It's been the standard I see from ICH E3 guidelines that the FDA released. Presenting all of our data in standard static table has been, the main practice that we've always gone from. But there are several problems with this. Even though it gives all the information, and it may be the easiest way to disseminate that information.

It's really hard to actually read these tables, and it's really easy to miss signals because of them. So instead of looking at these static tables, we need to take advantage of again this electronic data capture environment that we live in, and start with views such as a dynamic visual summary view.

That allows you to quickly highlight the issues of potential, in this case, adverse events that are occurring. So here, quickly, from a graph you can see that there's enormous count for this adverse event. And then tools that allow you to drill down and filter, lets you get to that level of patient detail that you need, starting form a summary view.

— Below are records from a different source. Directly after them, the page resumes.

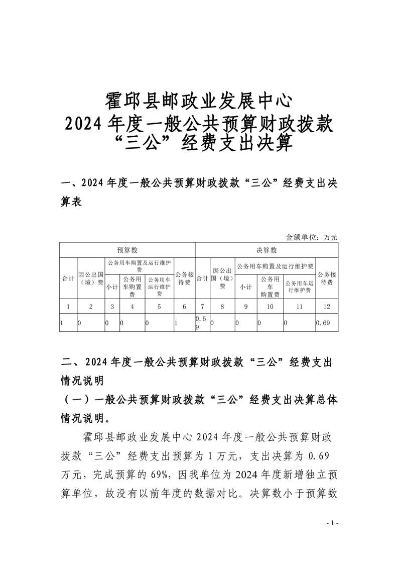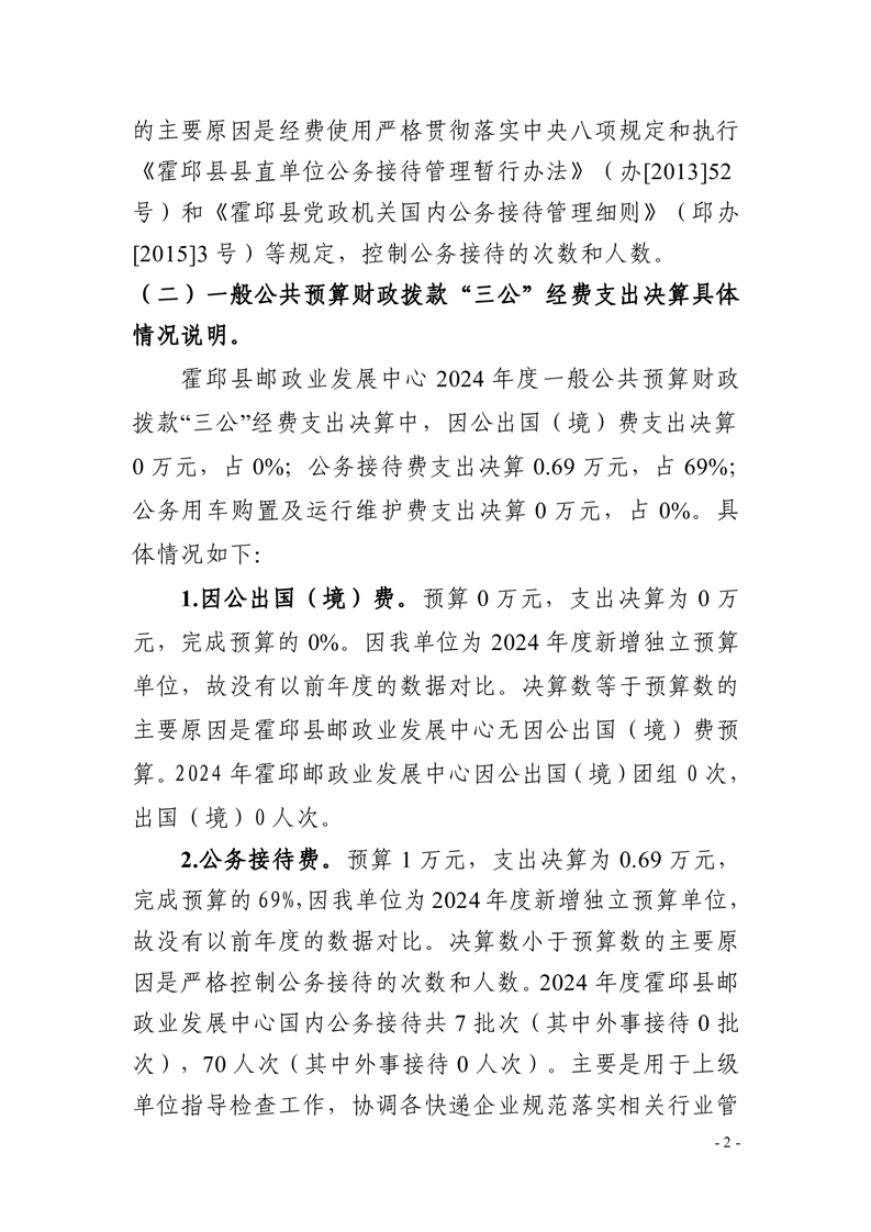霍邱县邮政业发展中心2024年一般公共预算财政拨款“三公”经费支出决算公开
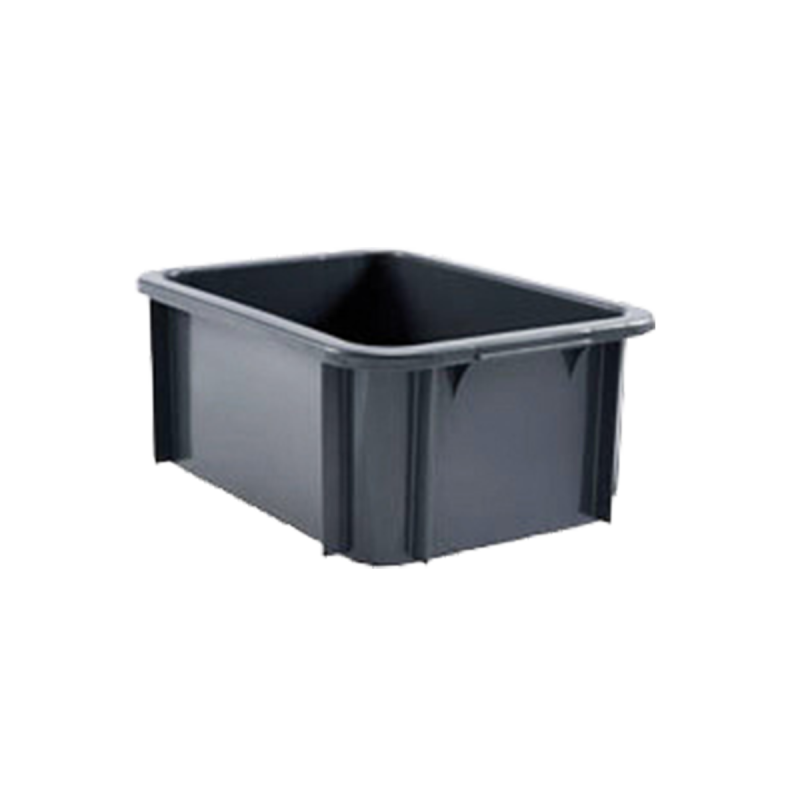 Empilable avec et sans couvercle. Renforts verticaux pour reprendre la charge et empêcher toute déformation du bac.
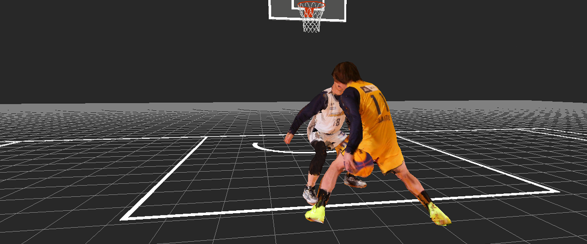 撮影された複数視点のデータは高度な技術によって処理され、選手の動作を忠実に3D映像として再現しています。

Now adding on more statistical considerations to that, it isn't just always a count and percent game. Applying statistical analysis early and often in a clinical trial can really drive the analysis. Both in terms of just evaluating safety, but also, again, detecting trends or anomalies in your data.

So a space constrained view that we found be a good recommendation for both our customers and that the FDA has begun looking at, is this idea of looking at a summary statistical view that's performing a statistical analysis of comparing the incidence of certain adverse events versus the treatment differences.

So our X-axis here, our X-axis here is a clinical difference in treatment in terms of the accounts of adverse events, which we're comparing with using statistics to our Y-axis which represents the P value or the significance, the statistical significance of that event. Presenting the space constrained view, again lets you really drive in on and hone in on the important things that are occurring during your safety analysis.

And from that view you can then drill down into these standard relative risk tables. From our collaborations with the FDA we often hear, oh well we want a table of the top 30 adverse events and their relative risk and confidence intervals. Well, what is that top 30, why is that a threshold?

They might look at that table and say actually I want the top 50 or I only need the top 10. So instead of providing that static view if it's driven from a statistical space constraint results view, we can get to the information that they truly want for the reviews much faster. So as the safety analysis continues there are several more advanced statistical analysis complexities that we need to address.

Again one of the things is, there's a lot of data, and big data, big noise. So how do we deal with the noise in order to pick out the truly interesting signals in our data? Part of that could be applying multiple testing methods, such as false discovery rate or even some other ones that have been developed more recently that adhere to the known structure of, say, adverse events where you have body system level information, so you can apply a multi-level, double-FDR correction. Other customers have been requesting methods to do Bayesian analysis.

So take the prior information that we know, and build that into our model to understand the adverse events that are effecting our trial, and that's really key too, because every trial is different, and every trial has a different expected safety profile, and that should be taken into consideration during your review.

Some of the other complexities that you'll hit is just the recurrent events, and the repeated measurements across time, so the inclusion of time windows in our analysis can help again accelerate our review and understand what's going on from period to period during our review. Other more complex issues could involve crossovers.

So how do we visualize crossover? Simple views can allow us to do that in simple inclusions of treatment period to understand the subject was actually on, can really add to the value of understanding the safety profile. And I will just give a plug here again, where we are right now we're already providing these tools.

Several different companies can provide these tools, and pharma is taking advantage of it. The FDA is taking advantage of it. But where are we going? A big part of this is we need to learn from what we're currently starting to do, and build from it and use that to build predicted models to improve our efficiency and improve our trials in the future.

So part of that is actually taking this data not only to evaluate the current trial, but build in predict models to understand how we can improve our trials in the future. As I've mentioned throughout this, this is an ongoing safety review, so the key component of ongoing is understanding the changes across snapshots of your data.

Again the time consumption of just data collection requires that data review happen early and often before all the data is collected. And we don't want to have a redundant work effort so having a tool that allows you to do snapshot comparison, meaning that as you get new data, you update your system and you can quickly see what's been added, what's new, what's updated, stable record, etcetera.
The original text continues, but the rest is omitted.